Task description
Each line in the material below, starting at the one that contains "of every employee." and ending at the one that contains "Ich habe immer", should be repeated exactly; the pictures should not.

=== Information given ===

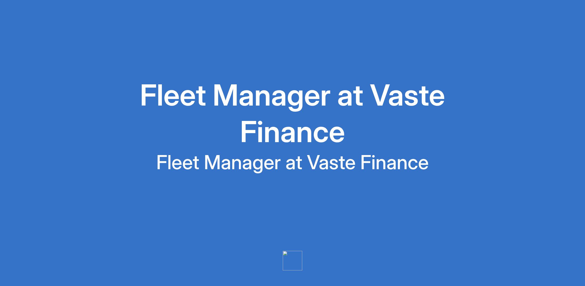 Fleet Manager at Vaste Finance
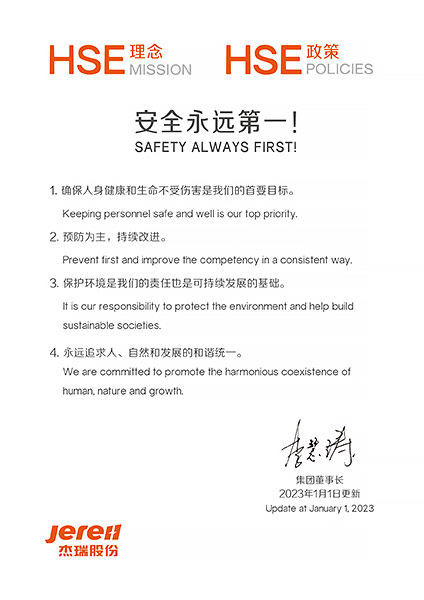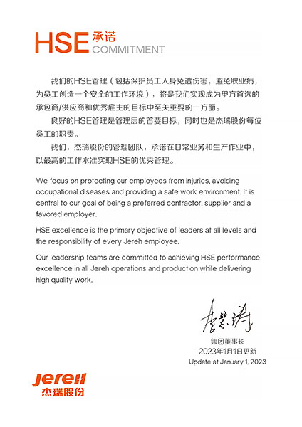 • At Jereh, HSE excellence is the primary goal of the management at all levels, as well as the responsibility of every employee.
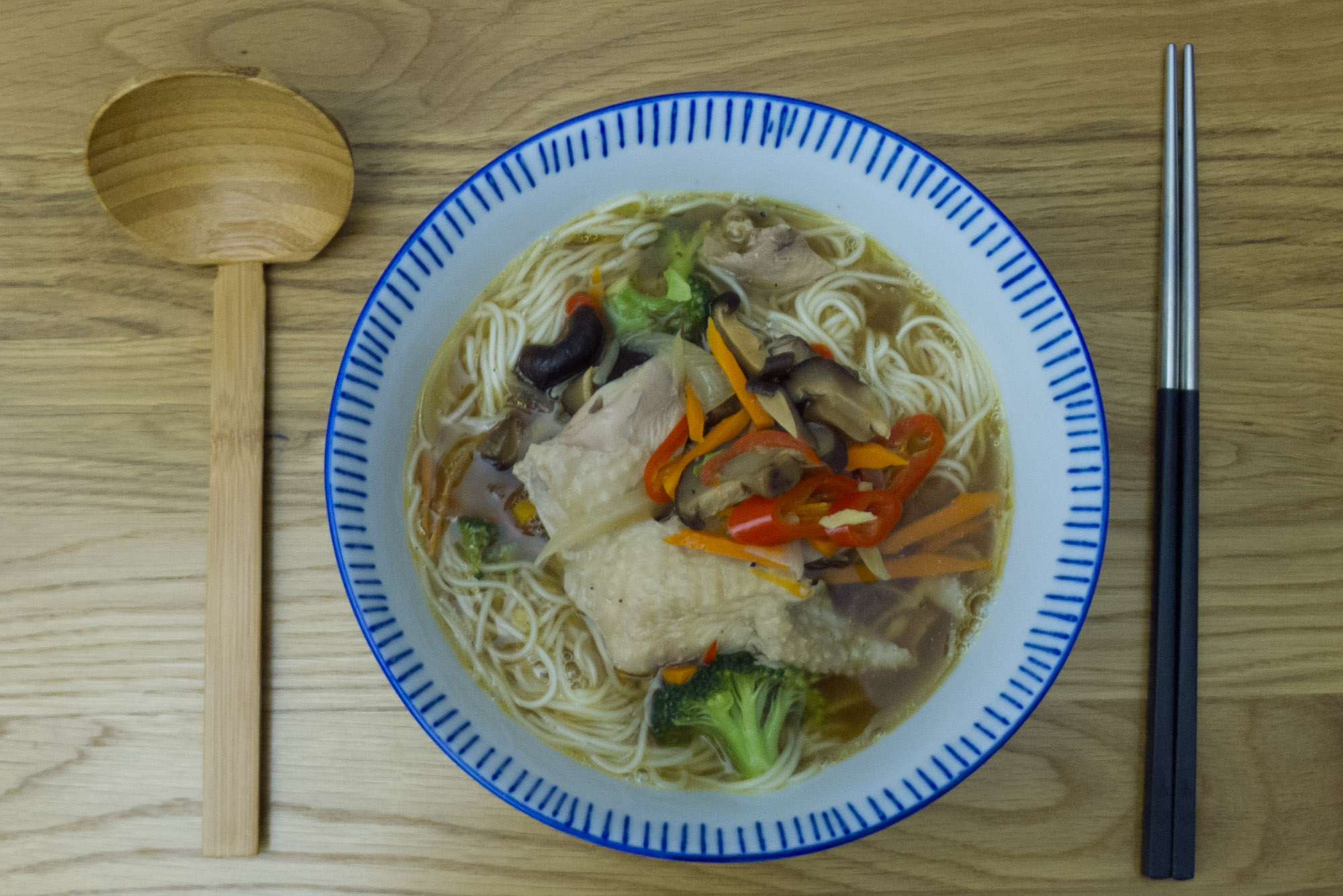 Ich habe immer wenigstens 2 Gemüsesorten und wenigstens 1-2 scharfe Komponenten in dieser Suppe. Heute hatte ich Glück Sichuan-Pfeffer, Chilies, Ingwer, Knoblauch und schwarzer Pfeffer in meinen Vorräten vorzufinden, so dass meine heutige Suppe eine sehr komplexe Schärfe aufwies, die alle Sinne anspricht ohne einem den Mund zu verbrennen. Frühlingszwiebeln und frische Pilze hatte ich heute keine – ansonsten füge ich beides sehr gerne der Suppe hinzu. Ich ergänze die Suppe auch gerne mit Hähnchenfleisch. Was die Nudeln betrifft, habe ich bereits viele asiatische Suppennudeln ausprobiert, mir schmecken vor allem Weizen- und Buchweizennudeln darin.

===
=== Information given ===

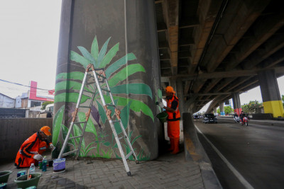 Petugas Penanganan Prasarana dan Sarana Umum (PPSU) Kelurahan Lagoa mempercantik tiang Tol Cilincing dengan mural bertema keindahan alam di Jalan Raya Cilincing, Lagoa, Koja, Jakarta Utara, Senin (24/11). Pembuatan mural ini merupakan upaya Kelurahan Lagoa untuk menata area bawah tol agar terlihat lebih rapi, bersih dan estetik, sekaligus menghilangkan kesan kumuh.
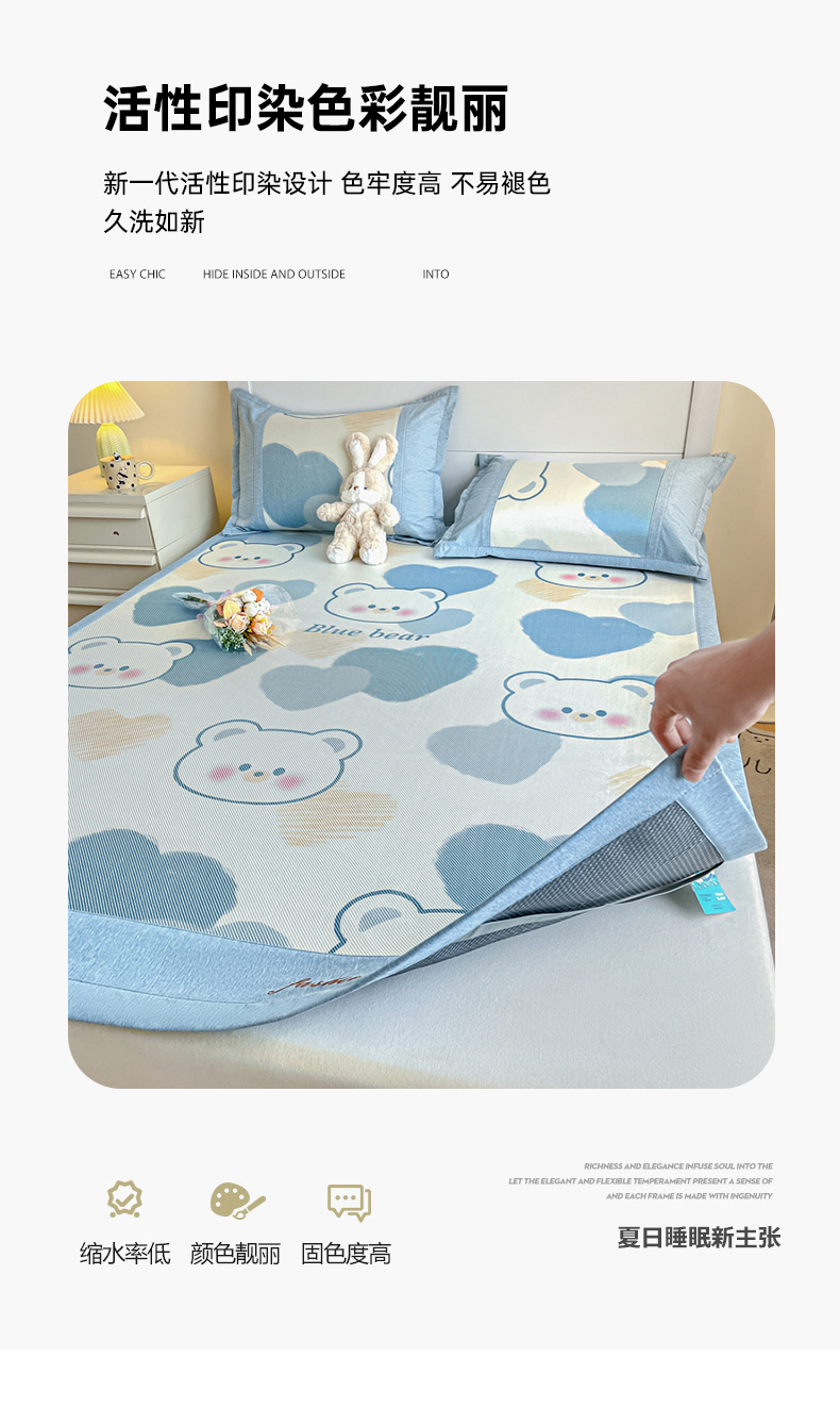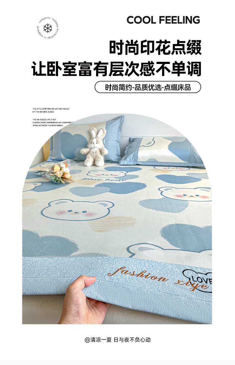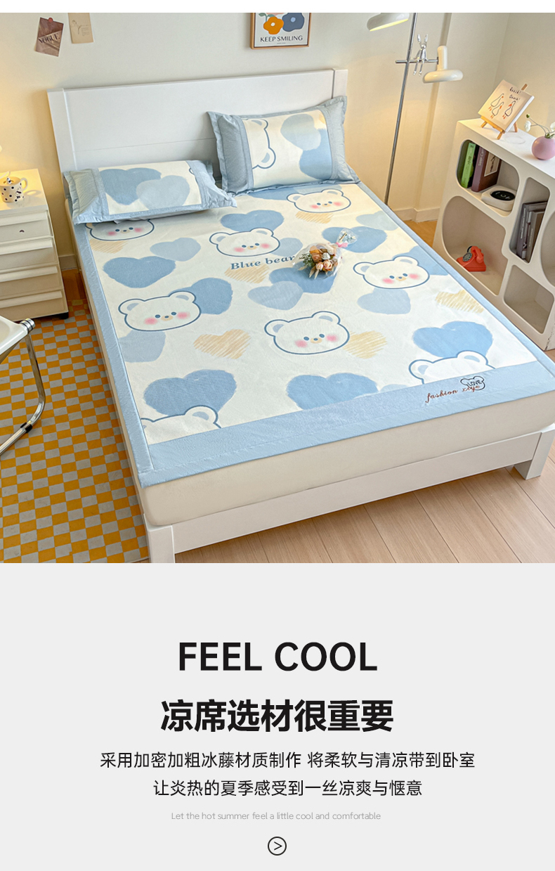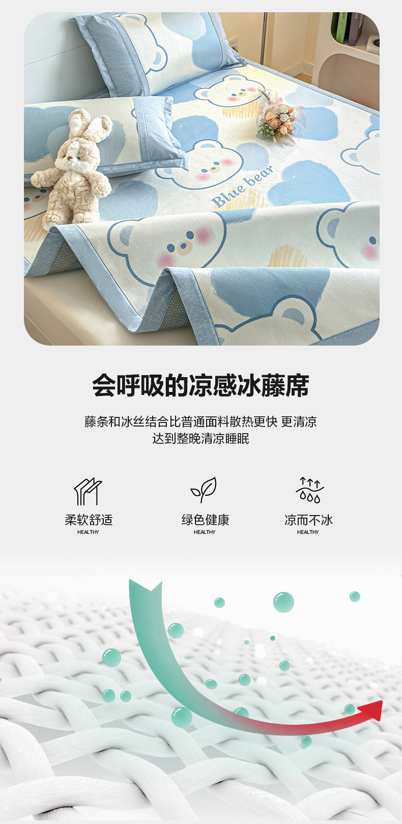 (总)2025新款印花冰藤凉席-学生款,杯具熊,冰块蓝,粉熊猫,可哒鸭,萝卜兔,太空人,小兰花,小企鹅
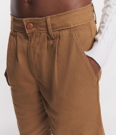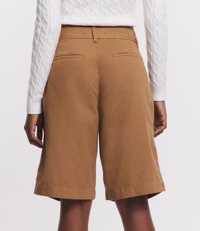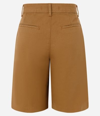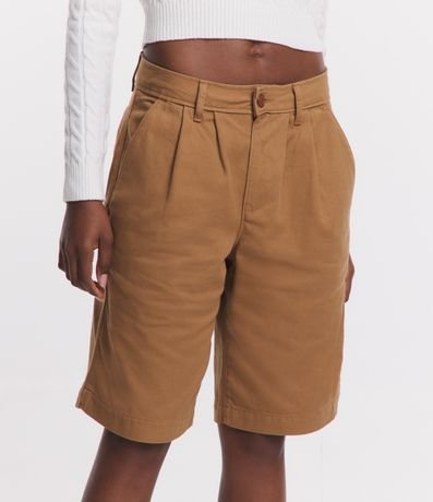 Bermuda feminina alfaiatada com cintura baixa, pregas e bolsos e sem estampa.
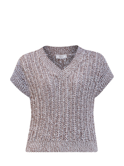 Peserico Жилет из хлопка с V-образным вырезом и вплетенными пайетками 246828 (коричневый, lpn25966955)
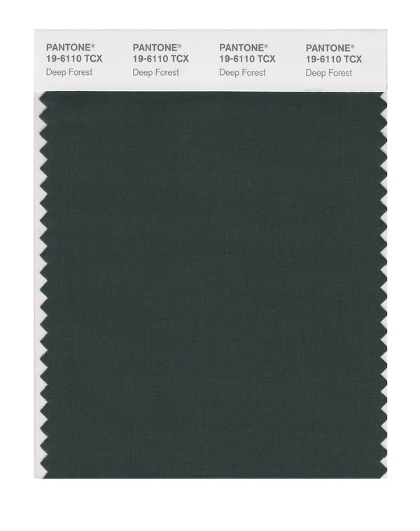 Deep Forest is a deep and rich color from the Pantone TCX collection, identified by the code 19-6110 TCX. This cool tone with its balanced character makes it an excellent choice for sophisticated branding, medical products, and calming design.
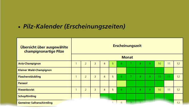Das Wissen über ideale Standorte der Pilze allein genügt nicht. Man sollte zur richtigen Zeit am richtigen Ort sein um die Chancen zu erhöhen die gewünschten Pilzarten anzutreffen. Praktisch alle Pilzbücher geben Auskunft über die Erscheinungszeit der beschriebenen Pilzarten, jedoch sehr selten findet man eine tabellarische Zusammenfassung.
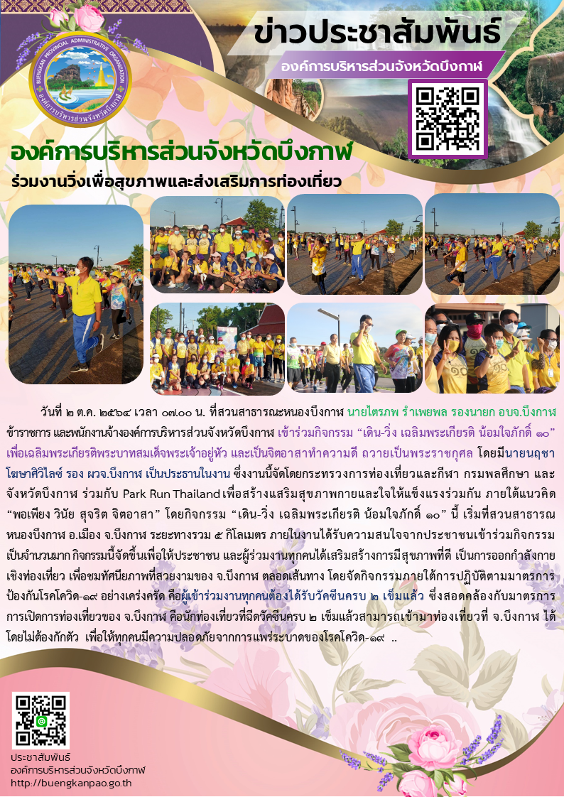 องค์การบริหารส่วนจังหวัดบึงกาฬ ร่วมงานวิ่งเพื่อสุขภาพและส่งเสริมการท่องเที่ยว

===

The completed task
 • At Jereh, HSE excellence is the primary goal of the management at all levels, as well as the responsibility of every employee.
 Ich habe immer wenigstens 2 Gemüsesorten und wenigstens 1-2 scharfe Komponenten in dieser Suppe. Heute hatte ich Glück Sichuan-Pfeffer, Chilies, Ingwer, Knoblauch und schwarzer Pfeffer in meinen Vorräten vorzufinden, so dass meine heutige Suppe eine sehr komplexe Schärfe aufwies, die alle Sinne anspricht ohne einem den Mund zu verbrennen. Frühlingszwiebeln und frische Pilze hatte ich heute keine – ansonsten füge ich beides sehr gerne der Suppe hinzu. Ich ergänze die Suppe auch gerne mit Hähnchenfleisch. Was die Nudeln betrifft, habe ich bereits viele asiatische Suppennudeln ausprobiert, mir schmecken vor allem Weizen- und Buchweizennudeln darin.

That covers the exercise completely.